"Children of the Hydra ... Happy 90th Birthday Ray Harryhausen, god of stop motion animation," tweeted Simon Pegg earlier today. The occasion marks the opening of the exhibition Ray Harryhausen: Myths and Legends at the London Film Museum and an announcement from the National Media Museum that it'll likely be acquiring Harryhausen's archive of drawings, storyboards and models: "Examples in the collection include the skeletons from Jason and the Argonauts  and the Medusa and the Kraken from Clash of the Titans . It also features rare work by the pioneer special effects designer Willis O'Brien (1886-1962), the creator of King Kong, with whom Harryhausen worked early in his career and who was a major influence."
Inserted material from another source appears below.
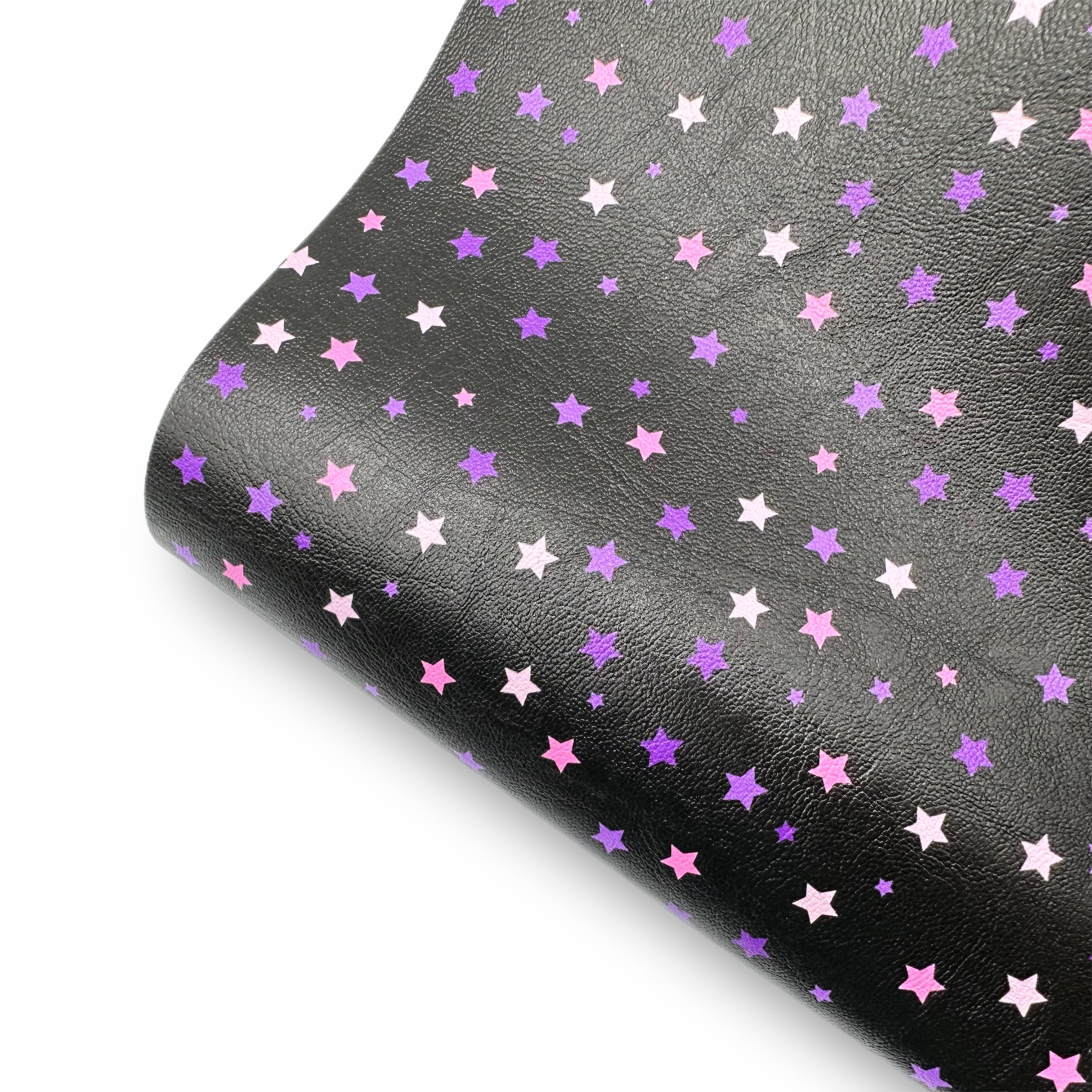 Black Night Stars Premium Faux Leather Fabric Sheets

"To mark his birthday, tributes were made to Harryhausen over the weekend at an event in London organised by Bafta and the British Film Institute, hosted by the director John Landis," notes Mark Brown in the Guardian, where Landis himself writes: "The 7th Voyage of Sinbad, which became a tremendous box office success for Columbia, was the first colour movie he worked on, and he was credited as an associate producer. That is an important moment in the history of the movies: Harryhausen, a below-the-line special effects technician, had become his own genre. In fact, Ray is truly unique in the history of movies as a special effects technician who is really the auteur of his films. The stop-motion creatures and vehicles Ray created were not only the stars of those movies, but the main reason for them to exist at all."
"Harryhausen has always been something of an outsider," writes James Mottram in the Independent. "He recalls a review in The Hollywood Reporter of his 1958 adventure The 7th Voyage of Sinbad, the precursor to his 1963 masterwork, Jason and the Argonauts. 'It said, "Every Hollywood technician should see this picture." And I think that queered me with Hollywood.' Two years on he had left LA for London, where he has lived ever since."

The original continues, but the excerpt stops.